» **STORED DATA**:
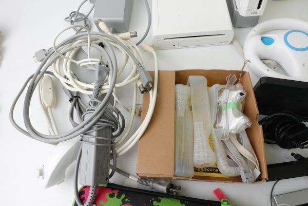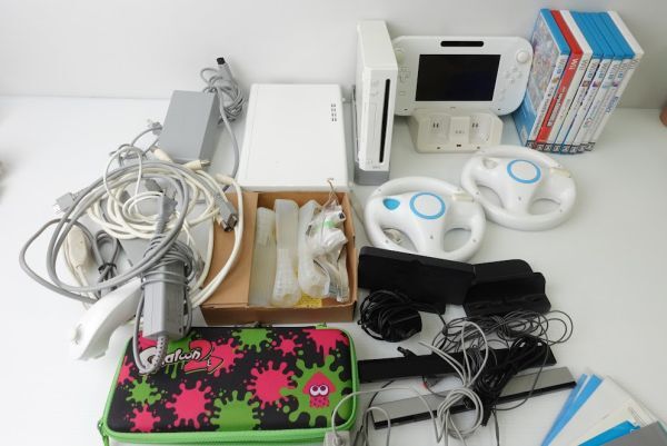 【k1763】任天堂 WiiU プレミアムセット 32GB ホワイト ソフト8本 マリオカート8 ポッ拳 スプラほか スプラトゥーン2ポーチ付き
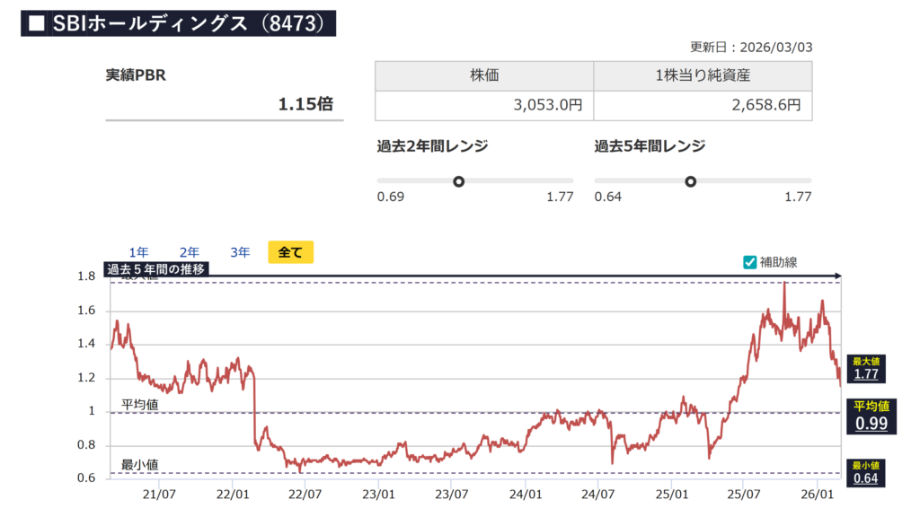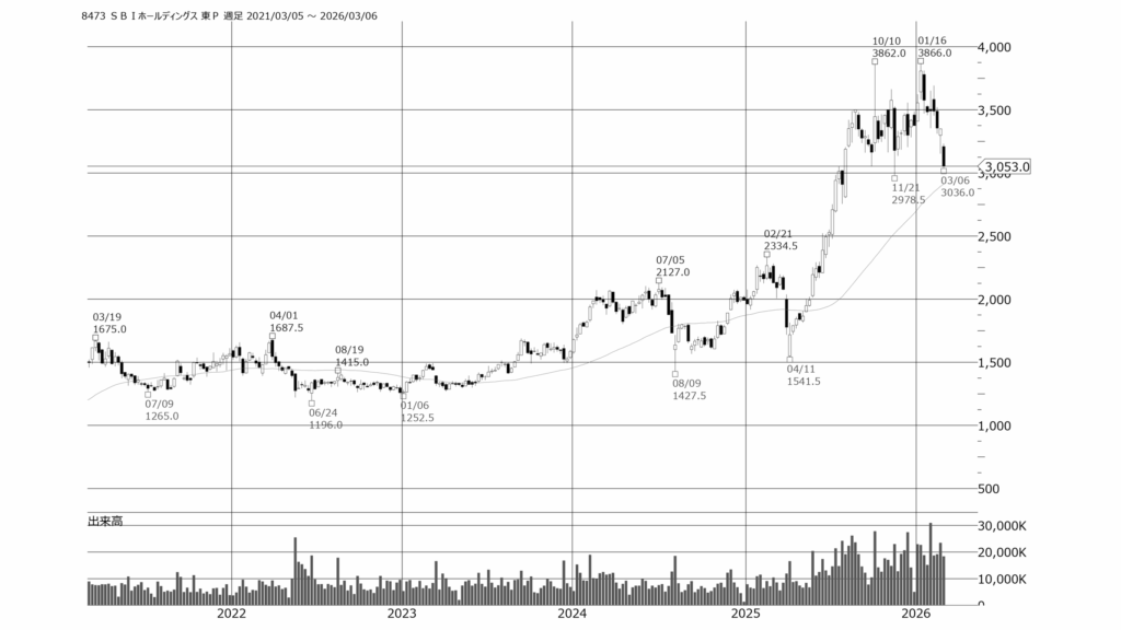 - 2023年頃までは1,000円〜1,500円台のレンジで推移していましたが、その後は力強い上昇トレンドへ転換。これは、新NISA制度の開始によるSBI証券の売買代金の増加、さらにSBI新生銀行の完全子会社化による「第4のメガバンク構想」の進展が、市場から資本効率の劇的向上と評価された結果です。
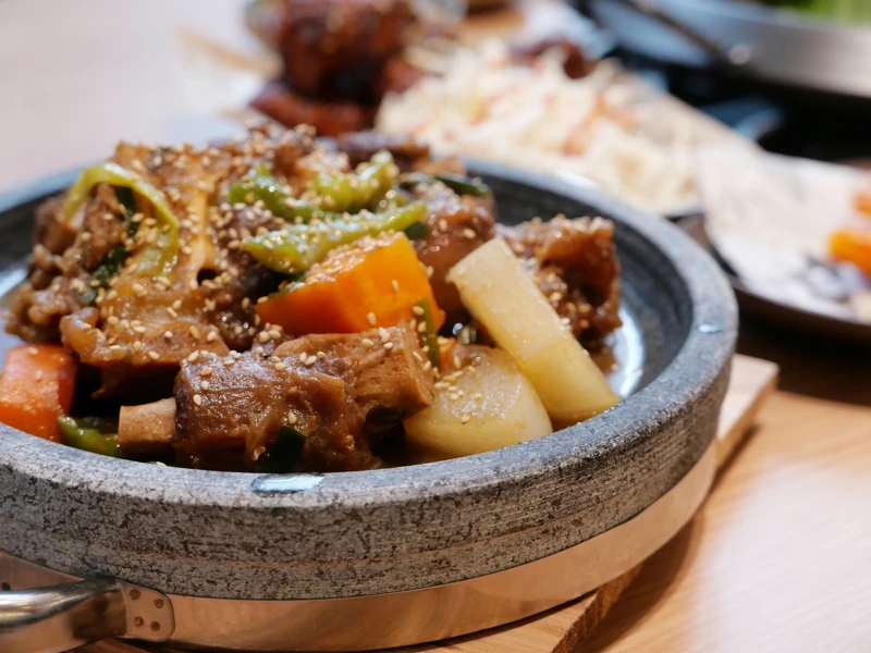 為了慶祝公益店開幕,也順勢推出五道臺中限定新菜。 以牛大骨與牛雜骨熬煮九小時,去油后再熬成三種不同濃度的高湯,最后的乳白色湯頭口感濃厚卻不膩;則加上韓國辣醬提味,微辣溫潤。若想嘗試更稀有的韓式料理,則是連臺北都相當(dāng)少見的經(jīng)典菜色,不容錯過的選項,光是處理過程長達(dá)八小時,再加上特製醬油,完成肉質(zhì)軟糯、醬香微甜的風(fēng)味。

» **WHAT YOU WILL DO**: Would you retype all the material above exactly, apart from its pictures?

» **YOUR SOLUTION**:
 【k1763】任天堂 WiiU プレミアムセット 32GB ホワイト ソフト8本 マリオカート8 ポッ拳 スプラほか スプラトゥーン2ポーチ付き
 - 2023年頃までは1,000円〜1,500円台のレンジで推移していましたが、その後は力強い上昇トレンドへ転換。これは、新NISA制度の開始によるSBI証券の売買代金の増加、さらにSBI新生銀行の完全子会社化による「第4のメガバンク構想」の進展が、市場から資本効率の劇的向上と評価された結果です。
 為了慶祝公益店開幕,也順勢推出五道臺中限定新菜。 以牛大骨與牛雜骨熬煮九小時,去油后再熬成三種不同濃度的高湯,最后的乳白色湯頭口感濃厚卻不膩;則加上韓國辣醬提味,微辣溫潤。若想嘗試更稀有的韓式料理,則是連臺北都相當(dāng)少見的經(jīng)典菜色,不容錯過的選項,光是處理過程長達(dá)八小時,再加上特製醬油,完成肉質(zhì)軟糯、醬香微甜的風(fēng)味。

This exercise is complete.